Vettasjärvi is a lake in the municipality of Gällivare in Lapland and is part of the main catchment area of the Kalix River. The lake has an area of 8.99 square kilometres and is 349 metres above sea level. The lake is drained by the river Ängesån. The village of Vettasjärvi is located by the lake.

== Subbasin ==
Vettasjärvi is part of the sub-basin (749133-175063) that SMHI calls the Vettasjärvi outlet. The average altitude is 362 metres above sea level and the area is 33.01 square kilometres. There is a catchment area upstream, and if this is included, the accumulated area is 39.15 square kilometres.
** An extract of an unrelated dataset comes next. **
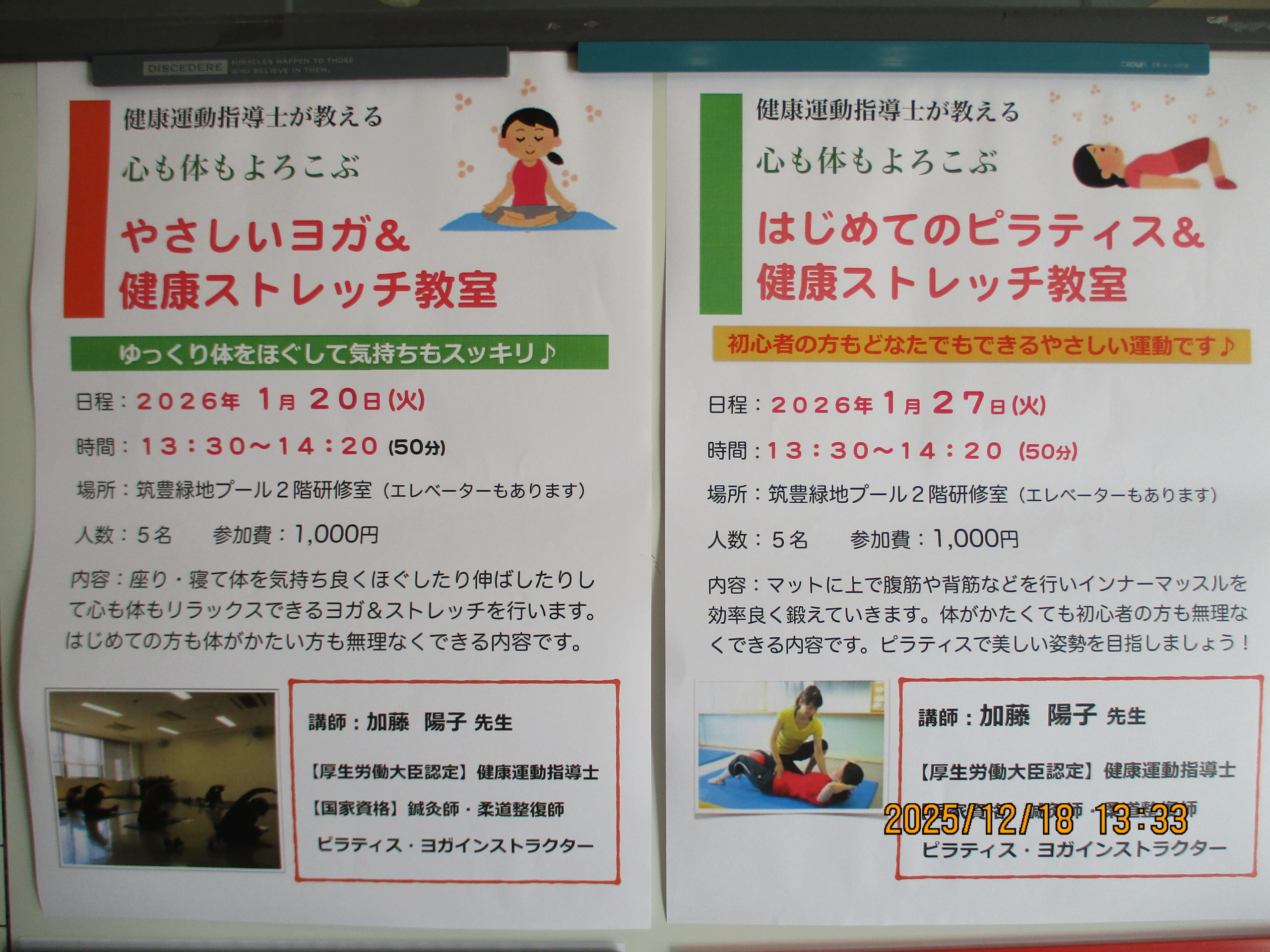 1月 初めてのヨガ&健康ストレッチ教室 はじめてのピラティス&健康ストレッチ教室

The river Ängesån draining the catchment area has tributary order 3, which means that the water flows through a total of 3 watercourses before reaching the sea after 228 kilometres. The catchment area consists mostly of forest (49%) and marshland (15%). The catchment area has 9.84 square kilometres of water surface, giving it a lake percentage of 29.8%. Settlements in the area cover an area of 1.11 square kilometres or 3% of the catchment area.

== History ==
Vettasjärvi is mentioned in old tax lists as Wettas and Nedre Wettas (1568), Öffuer and Nedre Uethes (1576, 1594) or Ofwer and Neder wolters träsk (1595). The lake was used by Sami people in the Lapp village of Siggevara or Lullebyn (Nederbyn), which covered the eastern part of Jukkasjärvi parish.